From: Miaohe Lin <linmiaohe@huawei.com>
To: Mike Kravetz <mike.kravetz@oracle.com>
Cc: Muchun Song <songmuchun@bytedance.com>,
David Hildenbrand <david@redhat.com>,
Michal Hocko <mhocko@suse.com>, Peter Xu <peterx@redhat.com>,
Naoya Horiguchi <naoya.horiguchi@linux.dev>,
"Aneesh Kumar K . V" <aneesh.kumar@linux.vnet.ibm.com>,
Andrea Arcangeli <aarcange@redhat.com>,
"Kirill A . Shutemov" <kirill.shutemov@linux.intel.com>,
Davidlohr Bueso <dave@stgolabs.net>,
Prakash Sangappa <prakash.sangappa@oracle.com>,
James Houghton <jthoughton@google.com>,
Mina Almasry <almasrymina@google.com>,
Pasha Tatashin <pasha.tatashin@soleen.com>,
Axel Rasmussen <axelrasmussen@google.com>,
Ray Fucillo <Ray.Fucillo@intersystems.com>,
Andrew Morton <akpm@linux-foundation.org>, <linux-mm@kvack.org>,
<linux-kernel@vger.kernel.org>
Subject: Re: [PATCH 8/8] hugetlb: use new vma_lock for pmd sharing synchronization
Date: Mon, 5 Sep 2022 11:08:59 +0800 [thread overview]
Message-ID: <1baff74d-d38f-6139-2548-19c0c8f87649@huawei.com> (raw)

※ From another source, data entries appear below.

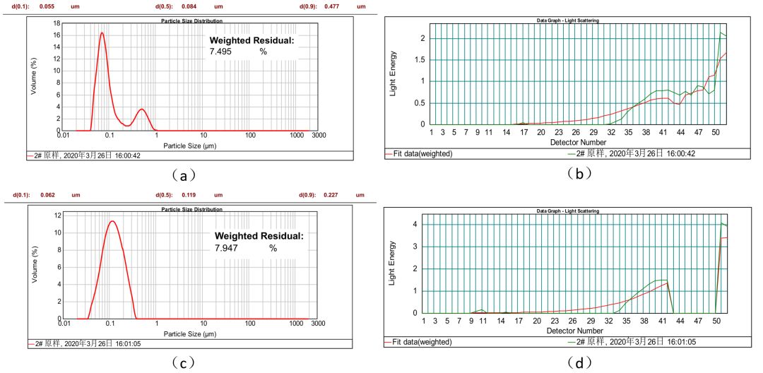 ?1是某国外仪器(采用通常的逆傅里叶变换光学系统)对上述水性石墨烯的测量结果。图11(a)?d)都是该仪器在同一次取样进行多次测量时给出来的粒度分布数据,两个结果来回跳动;?b)?d)是对应的实测光能和拟合光能分布的对比曲线。按照结?,D50、D10、D90分别?.084μm?.055μm?.477 μm;按照结?,D50、D10、D90分别?.119μm?.062 μm?.227 μm、/span>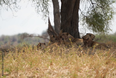 pride of lionesses laying under a tree in tarangire national park tanzania, wallpaper, grass
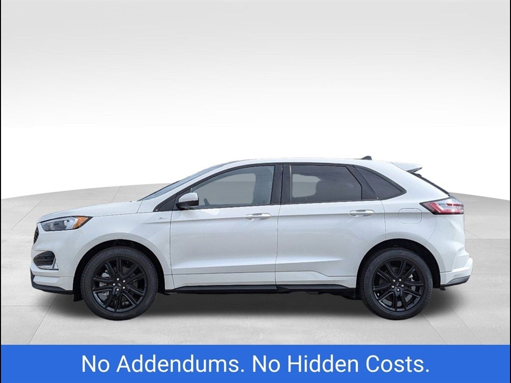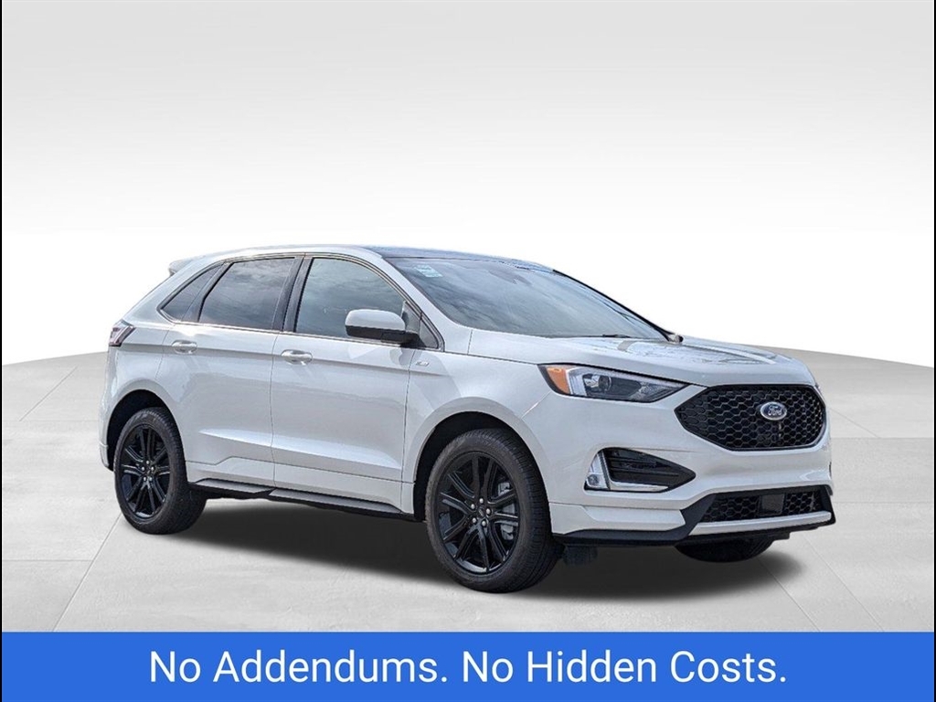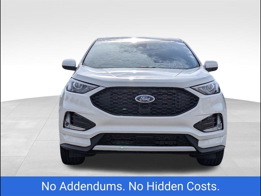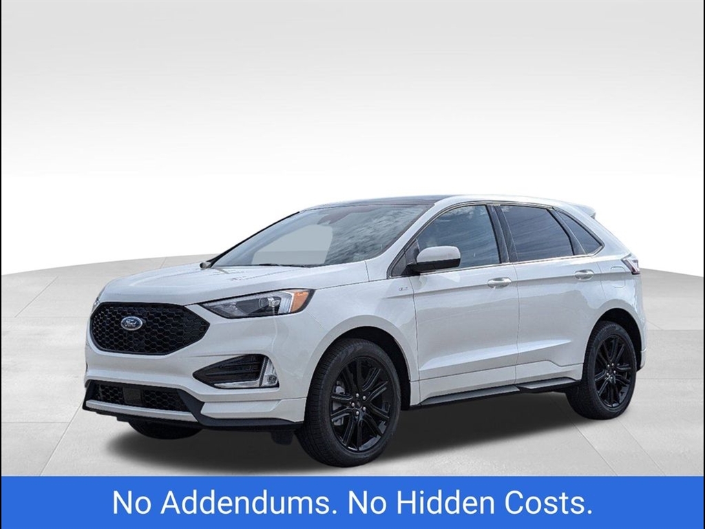 The 2024 Ford Edge ST-Line in Star White Metallic Tri-Coat offers a sleek, modern design with performance-driven features. Powered by a robust 2.7L V6 engine, this Edge delivers an exciting driving experience while maintaining excellent fuel efficiency. The bold exterior is complemented by the signature Star White Metallic Tri-Coat paint, offering a sophisticated, dynamic shine that stands out on the road. Inside, the ST-Line trim boasts premium materials, including leather-trimmed seats with contrasting red stitching, providing both style and comfort. The spacious cabin is designed for convenience, featuring a large 12-inch digital display, SYNC 4 technology, and Apple CarPlay/Android Auto compatibility for seamless connectivity. The rearview camera and parking sensors enhance safety while maneuvering, ensuring peace of mind during every drive. For performance enthusiasts, the ST-Lines sport-tuned suspension and 20-inch alloy wheels provide an agile and responsive ride. The SUV also comes equipped with Ford�s Co-Pilot360 suite, offering advanced safety features such as blind-spot monitoring, lane-keeping assist, and automatic emergency braking. The vehicles panoramic sunroof allows for an open, airy feel, and the hands-free liftgate adds an extra level of convenience. This 2024 Ford Edge ST-Line combines impressive power, luxury, and cutting-edge technology, making it the perfect choice for those seeking both style and performance in their next SUV.

In-Reply-To: <YxKMy3sDsWPEOMMJ@monkey>
On 2022/9/3 7:07, Mike Kravetz wrote:
> On 08/30/22 10:02, Miaohe Lin wrote:
>> On 2022/8/25 1:57, Mike Kravetz wrote:
>>> The new hugetlb vma lock (rw semaphore) is used to address this race:
>>>
>>> Faulting thread Unsharing thread
>>> ... ...
>>> ptep = huge_pte_offset()
>>> or
>>> ptep = huge_pte_alloc()
>>> ...
>>> i_mmap_lock_write
>>> lock page table
>>> ptep invalid <------------------------ huge_pmd_unshare()
>>> Could be in a previously unlock_page_table
>>> sharing process or worse i_mmap_unlock_write
>>> ...
>>>
>>> The vma_lock is used as follows:
>>> - During fault processing. the lock is acquired in read mode before
>>> doing a page table lock and allocation (huge_pte_alloc). The lock is
>>> held until code is finished with the page table entry (ptep).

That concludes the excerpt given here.